Shipwrecks

Lizard Point Residency Shows

The wrong course...


Helston Folk Museum & Lumen Gallery, London

A travelling installation depicting the demise of the SS. Mohegan. 

Coined the Cornish Titanic, the SS. Mohegan struck the Manacles, near Porthoustock,  on the 14th October, 1898. Bound for America the Steamer set off from Tilbury but stuck to a chartered course which drove it a mile from the coastline. Despite warning rockets and boats in the area attempting to warn the Mohegan it struck Vase rock and sunk in under 20 minutes, with 106 lives perished. The recovered bodies were taken to St.Keverne Church where the majority were buried in a mass grave. Today, a solitary cross marks their place of rest. There was little evidence as to why the Steamer had been driven unto the rocks.
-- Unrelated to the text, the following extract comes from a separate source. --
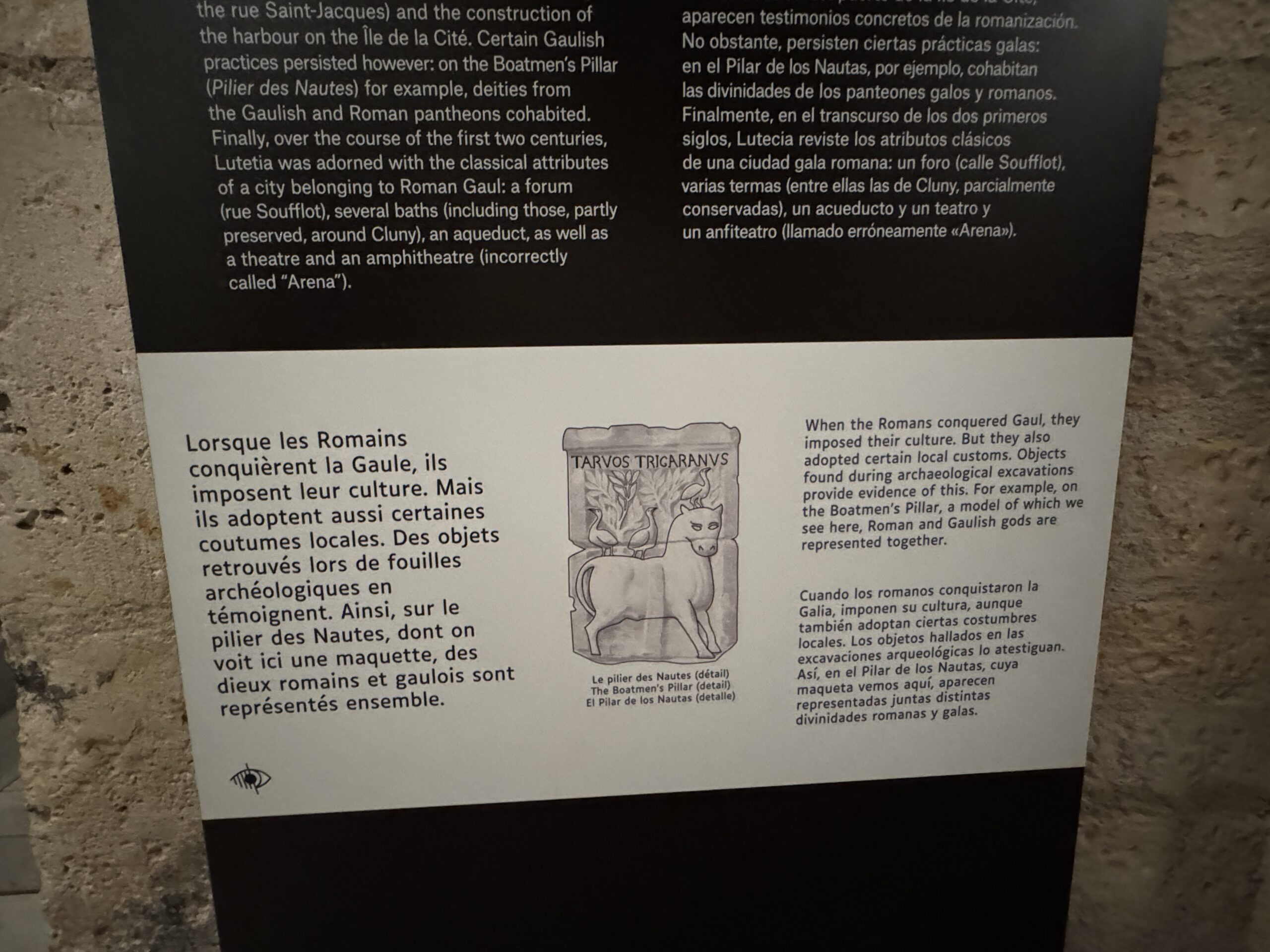 Завоевав Галлию, римляне навязали ей свою культуру. Но при этом переняли и некоторые местные обычаи. Об этом свидетельствуют предметы, найденные при археологических раскопках. Например, на Колонне мореплавателей, макет которой мы видим здесь, римские и галльские боги изображены вместе.
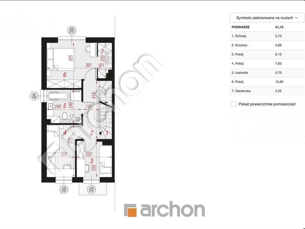 Poddasze : 16,73m2 ( po podłodze 24,76m2) do własnej aranżacji

A court ruling concluded this was simply ‘…the wrong course.’ 
The horror of these events may be a distant memory but the flattened remains of the Streamer survives as a notable dive site for underwater explorers and has been reclaimed by the sea as a host to dead men’s fingers, corals and anemones. 

In remembrance of all who perished with the SS. Mohegan and of my colleague, Neil Warrior, Air France crash victim, lost in the Atlantic Ocean.